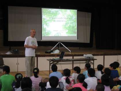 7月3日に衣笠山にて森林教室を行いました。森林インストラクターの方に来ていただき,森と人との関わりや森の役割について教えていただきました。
...
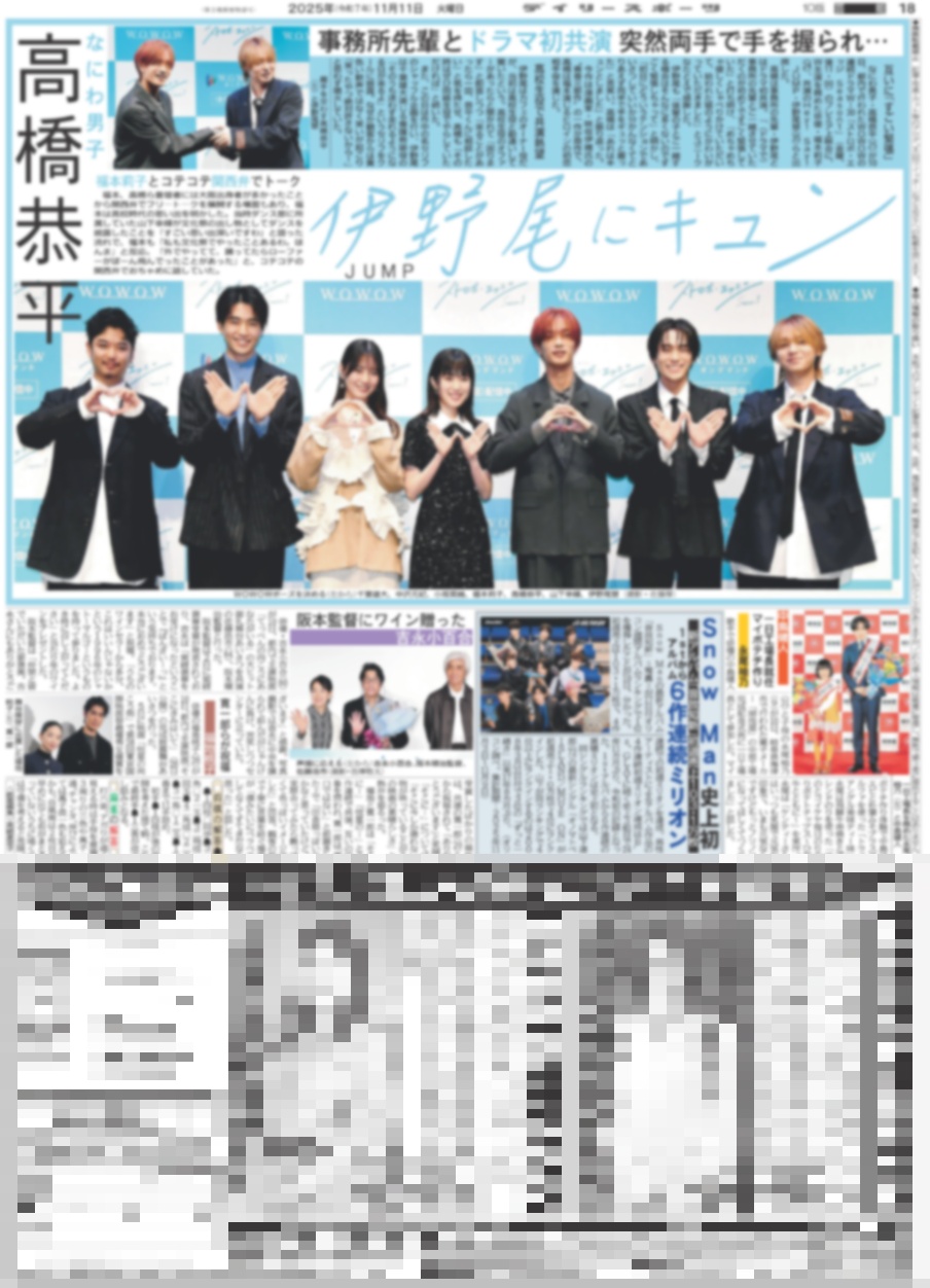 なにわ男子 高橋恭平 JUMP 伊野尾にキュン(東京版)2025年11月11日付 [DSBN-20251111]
---
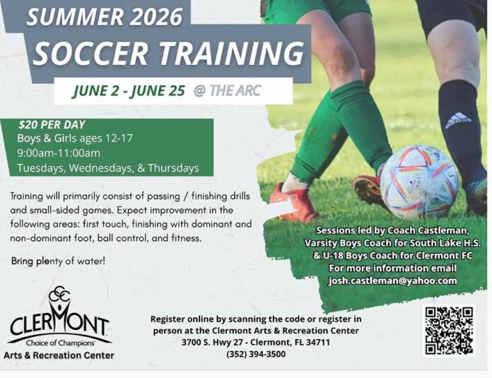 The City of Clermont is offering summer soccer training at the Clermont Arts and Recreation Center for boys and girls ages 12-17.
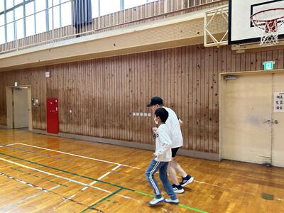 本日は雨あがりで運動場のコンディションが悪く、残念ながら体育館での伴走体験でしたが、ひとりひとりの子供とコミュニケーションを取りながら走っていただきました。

# Task directions
All pictures are to be skipped. Output, word for word, the lines in the data above starting at the line containing "The City of" and ending at the line containing "本日は雨あがりで運動場のコン".

# Reply
 The City of Clermont is offering summer soccer training at the Clermont Arts and Recreation Center for boys and girls ages 12-17.
 本日は雨あがりで運動場のコンディションが悪く、残念ながら体育館での伴走体験でしたが、ひとりひとりの子供とコミュニケーションを取りながら走っていただきました。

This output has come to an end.